Gageons cependant que dans quelques années ce film deviendra un film culte comme Les Bronzés ou les Astérix – dénigrés eux aussi à leur sortie.
Gwendal Fossois possède le grand mérite de considérer Kaamelott comme une oeuvre spécifique et non négligeable. Le philosophe grenoblois met à nu ses rouages de manière souvent pertinente : nous pensons par exemple aux comptages d’un Perceval souffrant d’un syndrome désormais à la mode. Certes, l’auteur laisse de côté certains bénéfices spéculatifs que pourraient nourrir bien des aspects plus cachés de Kaamelott.
Notamment le rôle de tous les couples (hétéros ou non) qui habillent la série. Ils ne fonctionnent qu’en étant dépareillés affectivement et/ou intellectuellement. Il y avait donc là une mine que l’auteur a négligée.
Nous le sentons en outre parfois mal à l’aise avec la passion qu’il porte à la série. Pour la justifier, il la transforme comme son livre et son analyse en un beau prétexte à une leçon de philosophie. Le livre est grevé de citations et d’inserts qui sont censés servir de supports à l’analyse mais qui tiennent d’un certain remplissage. La série devient une manière de leçon de philosophie appliquée et inversée.
La théorie philosophique propédeutique passe par l’exemple de la série. Celle-ci finit par devenir le prétexte à un tel propos.
Rendons cependant hommage à Gwendal Fossois. Il est le premier à publier un livre consacré à la défense d’une telle série. Elle restera un épisode important de la pop-culture télévisuelle intelligente. Le philosophe ne se cache pas sous la table de la bien-pensance intellectuelle crispée.

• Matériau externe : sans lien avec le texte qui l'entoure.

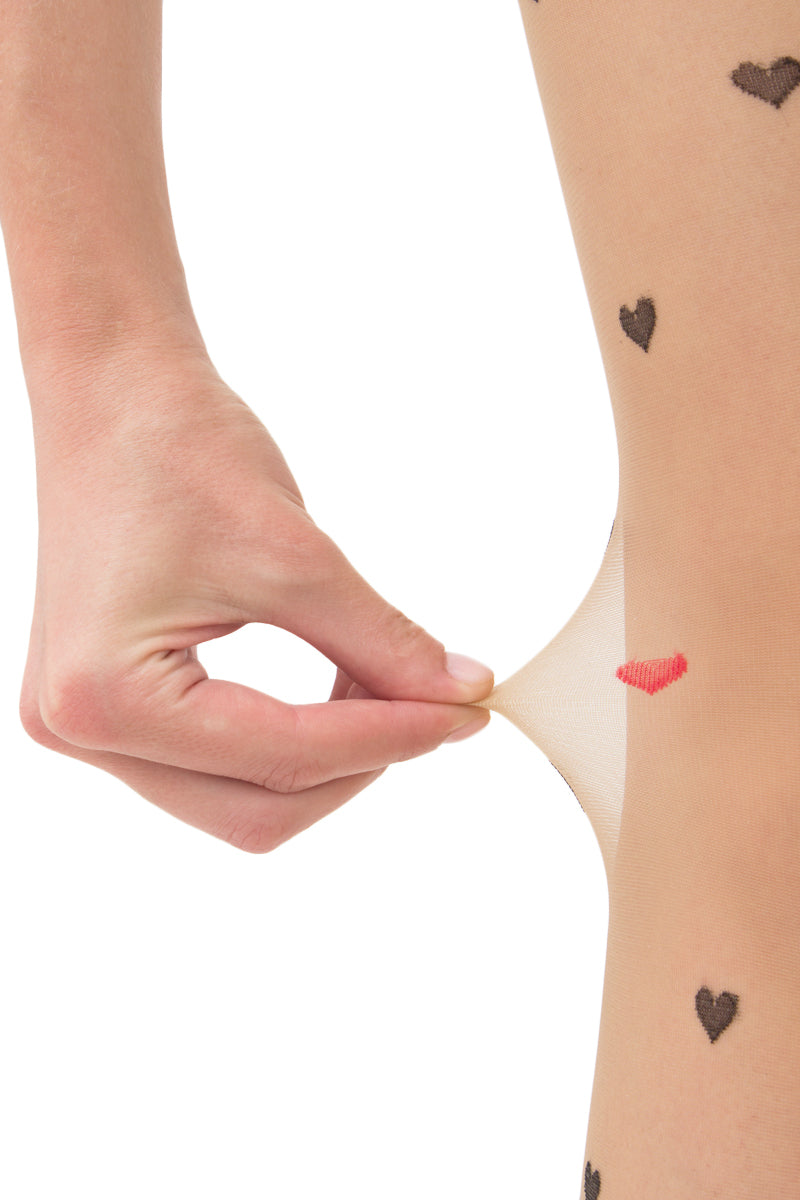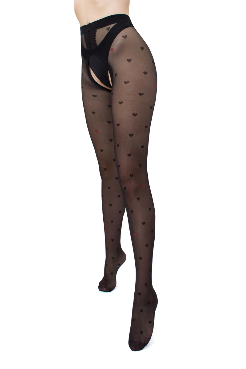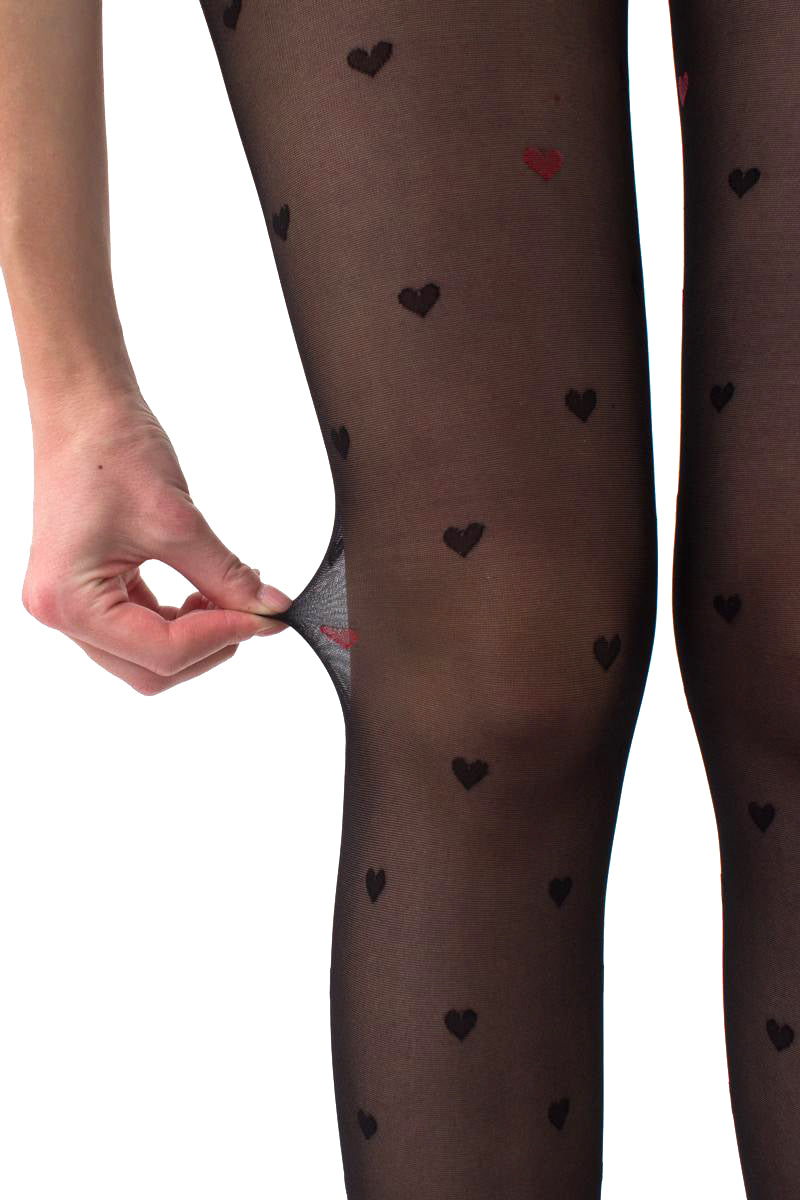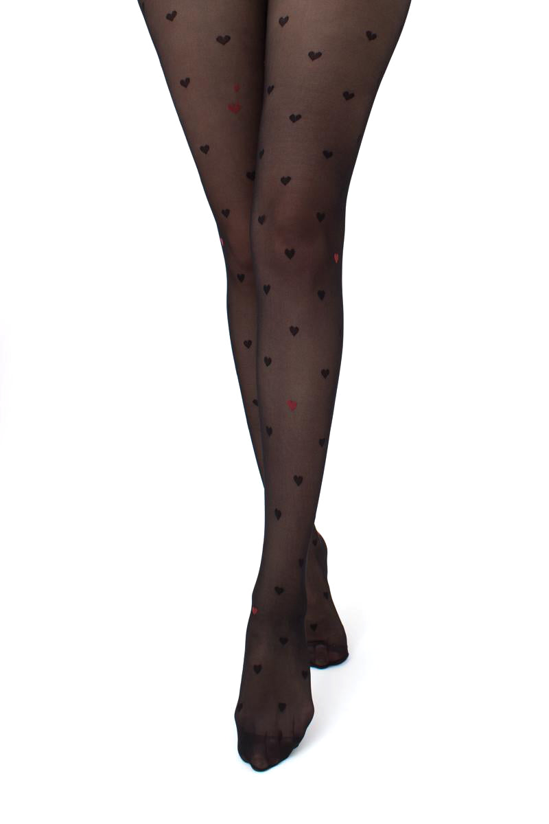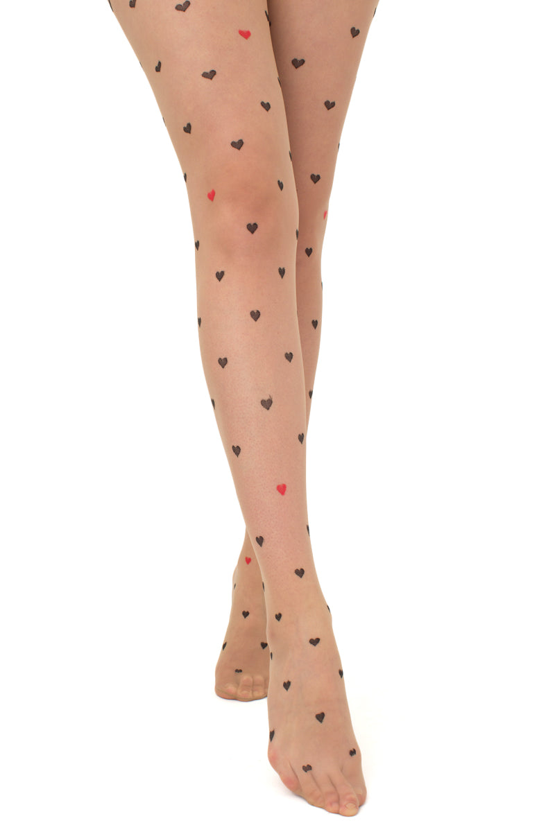 These delightful open sheer tights are adorned with delicate tiny black and red hearts.

C’est un bel exemple de prise en compte de ce qui échappe à une vision étroite des cultures dites parallèles et farcesques. Celles auxquelles Alexandre Astier, par son oeuvre, offre une belle part de noblesse arthurienne.
jean-paul gavard-perret
Gwendal Fossois, La philosophie selon Kaamelott, Les éditions de l’Opportun, Paris, 2021, 160 p. – 12,90 €.
One thought on “Gwendal Fossois, La philosophie selon Kaamelott”
Joyeusement intelligent et grand luxe de l’art noble au second degré … Kaamelott reste ma came philosophique .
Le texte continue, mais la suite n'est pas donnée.